A survey study, published by the Journal of Hospital Medicine on July 22, described how 51 hospital medicine groups at U.S. academic centers adapted to care for non-ICU COVID-19 patients. At the time of the survey (April 3 to 5), 30% reported having COVID-19 test results available in fewer than six hours. Half of the respondents with data on personal protective equipment (PPE) availability had stockpiles of two weeks or fewer. Nearly all sites had implemented respiratory isolation units (RIUs), which rarely incorporated residents and never students. Almost half of the respondents said that non-COVID-19 diagnoses had been initially unrecognized in patients admitted for COVID-19 and that COVID-19 diagnoses had been delayed in patients admitted for other reasons. The authors concluded that medical wards adapted to the crisis in a number of ways, including “implementation and rapid expansion of dedicated RIUs, greatly expanded use of inpatient telehealth for patient assessments and consultation, implementation of other approaches to minimize room entry (such as grouping in-room activities), and deployment of ethics consultation services to help manage issues around potential scarcity of life-saving measures such as ventilators.”

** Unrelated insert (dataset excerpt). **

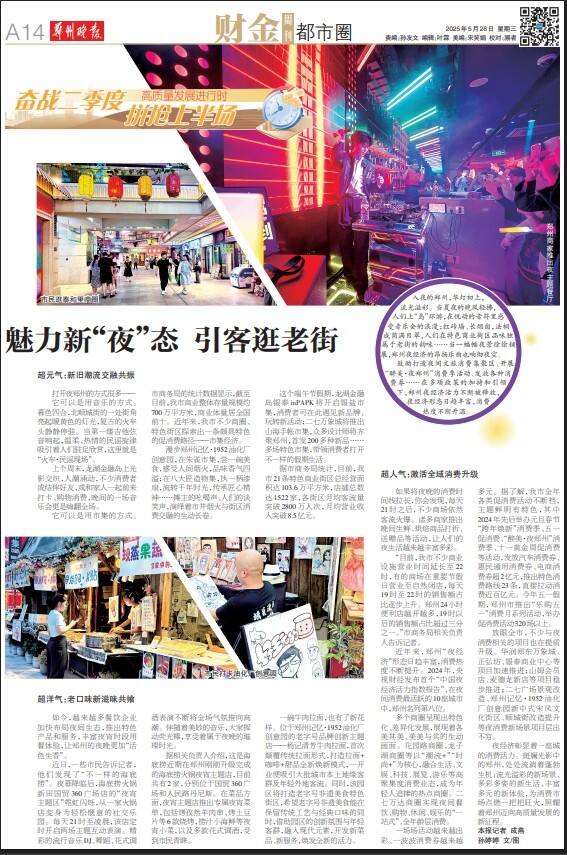 鼓励打造夜间文旅消费集聚区、开展“醉美·夜郑州”消费季活动、发放各种消费券……在多项政策的加持和引领下,郑州夜经济活力不断被释放,夜经济形态日趋丰富,消费热度不断升温。

Another article, published by the American Journal of Respiratory and Critical Care Medicine on July 20, described how Michigan ICUs changed visitor policies, while one published by Health Affairs on July 16 explained how a New York health system provided emotional and psychological support to patients, families, and staff.

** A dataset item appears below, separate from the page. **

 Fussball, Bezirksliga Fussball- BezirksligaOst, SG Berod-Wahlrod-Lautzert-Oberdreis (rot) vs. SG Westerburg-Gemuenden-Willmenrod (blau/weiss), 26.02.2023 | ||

One hospital described its strategy for pooling nasopharyngeal samples from patients at low risk of SARS-CoV-2 infection into groups of three for testing in a brief report published by the Journal of Hospital Medicine on July 20. During three weeks of this strategy, 530 tests were run in 179 cartridges. Four positive test groups required the use of 11 additional cartridges. The overall positive rate was 0.8%, and the strategy saved 340 cartridges compared to running one sample at a time. “We believe this strategy conserved PPE, led to a marked reduction in staff and patient anxiety, and improved patient care. Our impression is that testing all admitted patients has also been reassuring to our community,” said the authors. They noted that strategy may be modified based on community prevalence of infection or availability of reagents. A JAMA viewpoint published July 22 urged hospitals to pool their research data. Noting that some randomized clinical trials of COVID-19 therapies around the U.S. currently risk failing to meet recruitment targets, they offered a practical approach for real-time pooling of individual patient data.

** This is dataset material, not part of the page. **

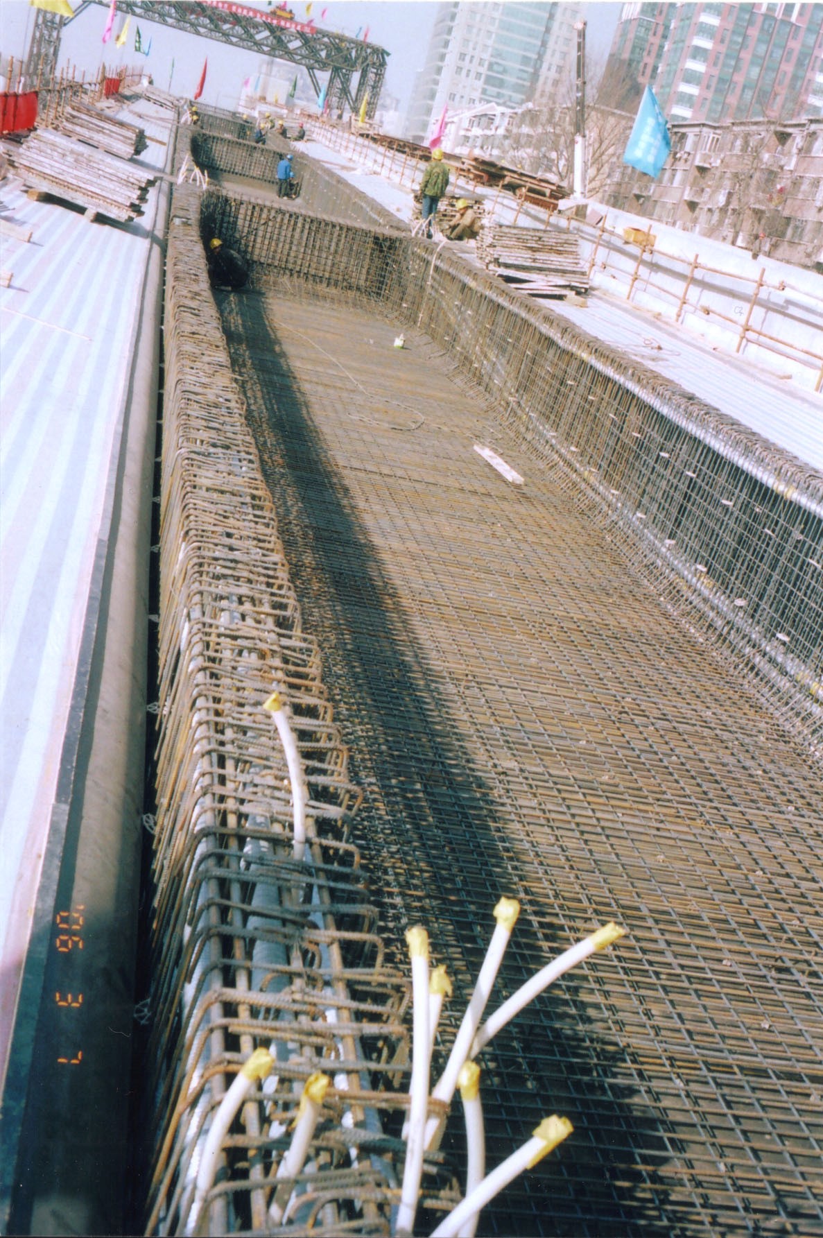 預應力施工。預應力T型簡支梁,跨度60m,國內(nèi)第一例雙幅面轉體施工的橋梁。

Finally, a perspective published by the Journal of Hospital Medicine on July 20 recommended additional support for female hospitalists during the pandemic. The recommendations included monitoring direct and indirect effects of COVID-19 on female hospitalists and identifying and meeting their needs; accounting for lack of academic productivity and recognizing and rewarding increased efforts in clinical or administrative duties; and advocating for diversity, inclusion, equity, and fair compensation for clinicians.